The Cone Health IRB has jurisdiction over all research involving human subjects performed by members of the various staffs of The Moses H. Cone Memorial Hospital Division; which includes Wesley Long Hospital, The Women's Hospital of Greensboro, Behavioral Health Hospital; Annie Penn Hospital Division (Reidsville NC), Cone Health Cancer Center; Regional Center for Infectious Disease, The Health Services Division; including for all divisions the Medical and Dental Staff, the Nursing Staff, the Pharmacy Staff and the Educational Faculty and Staff of The Greensboro Area Health Education Center (AHEC). The Cone Health IRB will be the IRB of record for all research that involves employees of the Health System and patients who are recruited, enrolled, or treated in the Health System, either as an in-patient or as a Health System outpatient.
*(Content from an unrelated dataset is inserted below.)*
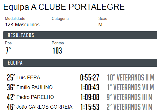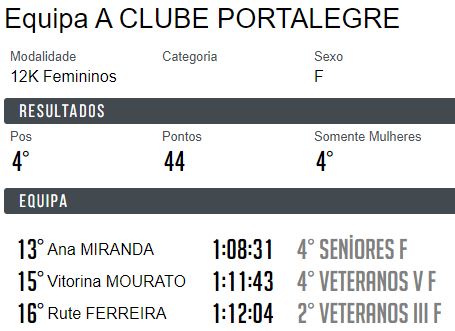 ACP 7.ª equipa masculina e 4.ª feminina (campeã distrital) na 5.ª jornada da Taça de Portugal de Corrida em MontanhaAna Miranda 13.ª Luís Fera 25.º Vitorina Mourato 15.ªEmílio Paulino 36.º e 1.º M65Rute Ferreira 16.ª e 2.ª F45Pedro Parelho 42.ºJoão Carlos Correia 46.º e 2.º M60JC, Fernando Fernandes (Selecionador FPA) e Vitorina Mourato (Campeã nacional em 1998, 1999 e 2000)Resultados completosResultados completos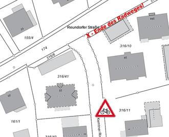 Der Radweg von Reundorf kommend endet in Frensdorf in der Reundorfer Straße unmittelbar vor der Einmündung in den Kerntner Ring. Dies ist entsprechend beschildert. Das Verkehrszeichen „Vorfahrt achten“ am Ende des Kerntner Rings bezieht sich auf den fließenden Verkehr in der Reundorfer Straße, nicht aber auf den Geh- und Radverkehr auf dem Geh- und Radweg. Dieser muss warten und die Vorfahrt gewähren, was ebenfalls eindeutig beschildert ist. Trotzdem fahren viele Radfahrer einfach weiter. Im vergangenen Jahr erfasste ein Pkw-Fahrer, der aus dem Kerntner Ring fuhr, einen Radfahrer, der das Ende des Radweges missachtet hat. Bei einer Verkehrsschau zusammen mit Vertretern des Landratsamtes und der Verkehrspolizei wurde wiederholt festgestellt, dass der Umfang der Beschilderung für die Vorfahrtsregelung bereits ausgeschöpft ist. Es liegt daher in der Eigenverantwortung der Radfahrer, das Ende des Radweges zu beachten und den Verkehrsteilnehmern, die aus dem Kerntner Ring fahren, die Vorfahrt zu gewähren. Dennoch bitten wir auch die Verkehrsteilnehmer, die vom Kerntner Ring in die Reundorfer Straße einfahren, um erhöhte Vorsicht vor den Radfahrern, die das Ende des Radweges nicht registriert haben. Hierzu wird im Kerntner Ring vor dem Einmündungsbereich zusätzlich das Gefahrenzeichen „Radfahrer“ angebracht, um auf diese Verkehrssituation aufmerksam zu machen (Beschluss des Bau- und Umweltausschusses vom 18.04.2023). Die bestehende Vorfahrtsregelung ändert sich dadurch allerdings ausdrücklich nicht.

Through agreements between Cone Health and Randolph Hospital, Asheboro NC, the Cone Health IRB reviews research protocols to which subjects may be recruited in those two hospitals as well, and accordingly, the IRB includes representatives from their respective communities.
The basic function and mission of the IRB is to review and approve research projects to ENSURE that human subjects recruited for participation in research are NOT subjected to unnecessary risk and that subjects are CLEARLY informed and FULLY AWARE of ANY risk that may be involved BEFORE consenting to participate in such research.